ISLAMABAD: The Foreign Office avoided on Thursday giving its reaction to allegations levelled by outgoing Afghan President Hamid Karzai against Pakistan and said the government looked forward to working with new President Ashraf Ghani.
“There will be a new government in Afghanistan shortly and we look forward to working with them closely,” spokesperson Tasnim Aslam said at FO’s weekly news briefing.
The comment appeared to be an attempt to put the acrimonious past behind in ties with Afghanistan as the political transition in Kabul gets under way.
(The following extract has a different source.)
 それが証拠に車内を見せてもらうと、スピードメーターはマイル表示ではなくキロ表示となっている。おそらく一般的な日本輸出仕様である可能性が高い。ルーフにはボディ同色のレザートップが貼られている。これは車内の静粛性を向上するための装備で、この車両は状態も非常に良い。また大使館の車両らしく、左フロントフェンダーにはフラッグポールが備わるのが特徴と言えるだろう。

Know more: Karzai slams US, Pakistan in farewell speech
In his farewell speech, Mr Karzai said he had visited Pakistan 20 times in an attempt to reach a negotiated settlement with Taliban, but his efforts were thwarted. He accused Pakistan of trying to control Afghanistan’s foreign policy.
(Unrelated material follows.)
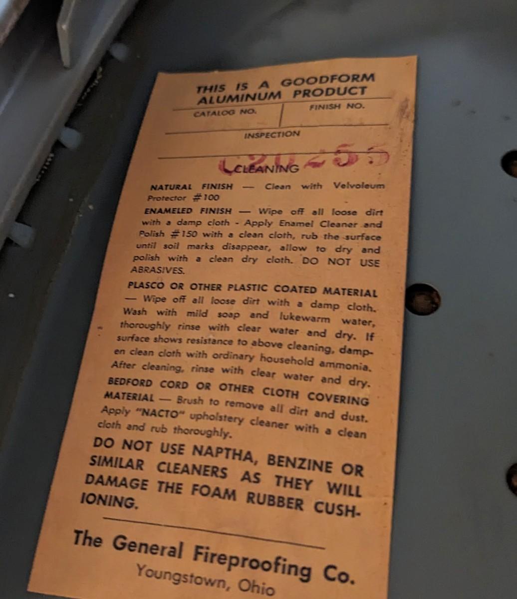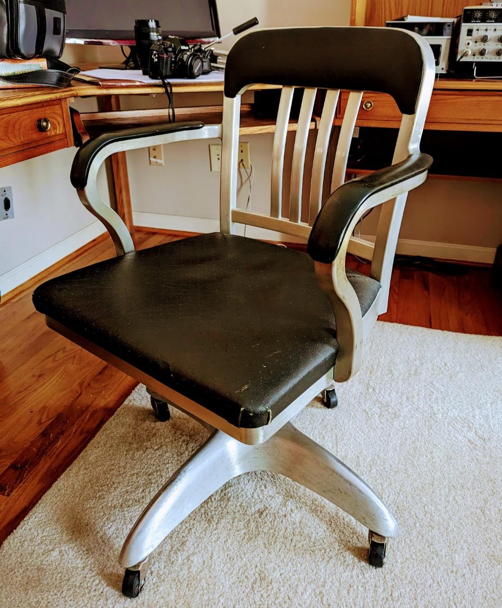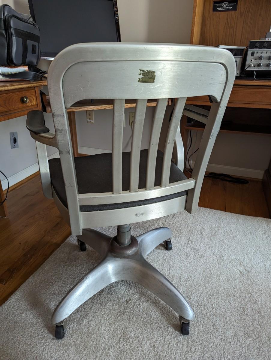 General Fireproofing Co. mid-century modern American industrial aluminum arm chair, the X-form base on casters, swivel seat with open splat-back, label to underside marked "Good Form".. 33.25" H x 22" W x 27" D.

Allegations and counter-allegations, because of deep-rooted mistrust between the two countries, are not new.
However, with new government taking office on Monday Pakistan intends to use the opportunity to turn the page in ties.
“Pakistan and Afghanistan are neighbours. We face common challenges and we have to confront them and find solutions for them jointly through collaboration,” the spokesperson said.
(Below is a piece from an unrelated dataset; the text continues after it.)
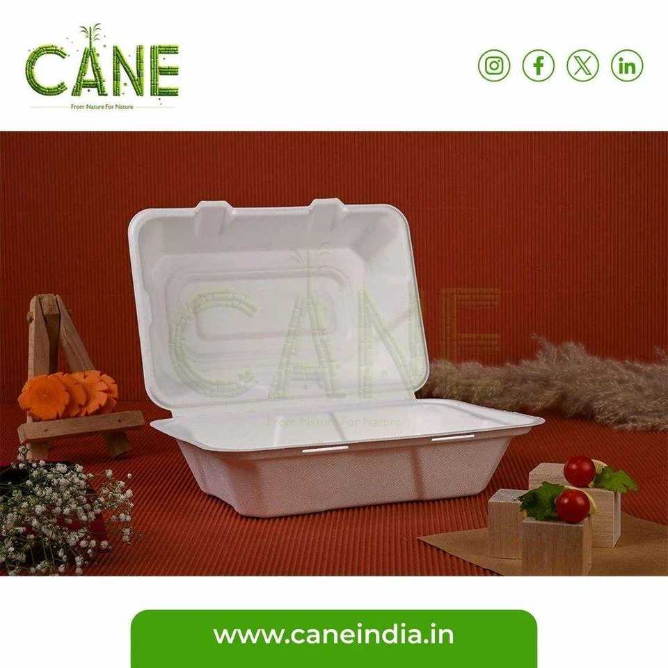 ภาชนะบรรจุอาหารแบบใช้แล้วทิ้งฝาพับทำจากชานอ้อย7x5ย่อยสลายได้ย่อยสลายได้เป็นมิตรต่อสิ่งแวดล้อม

Pakistan will use its contacts with the new government to attempt to rebuild the frayed “bilateral relations and resolve the issues of sanctuaries of terrorists inside Afghanistan and cross-border attacks”.
INDIA: The FO spokesperson confirmed that there was no planned meeting between Prime Minister Nawaz Sharif and his Indian counterpart Narendra Modi on the sidelines of the UN General Assembly session in New York. “We have not sought a meeting and we have not received any request,” she added.
The two countries looked close to a rapprochement after a year and half of border tensions, which badly strained their tense relationship, when Prime Minister Sharif visited Delhi for attending the oath-taking ceremony of Mr Modi.
In their meeting, the two leaders had agreed on a meeting of the foreign secretaries for which a date was also fixed later. But days before the planned Aug 25 meeting of the secretaries in Islamabad, India cancelled it on the pretext that the Pakistani high commissioner in New Delhi had met Kashmiri Hurriyat leaders.
About any proposal for reconvening the cancelled meeting, the spokesperson said: “We did not cancel the talks so it is up to India now to indicate how it wants to proceed.”
She said Pakistan would focus on disputes between the two countries, including the core issue of Jammu and Kashmir, so that a peaceful solution could be found through dialogue. “Our efforts are not lacking in any way.”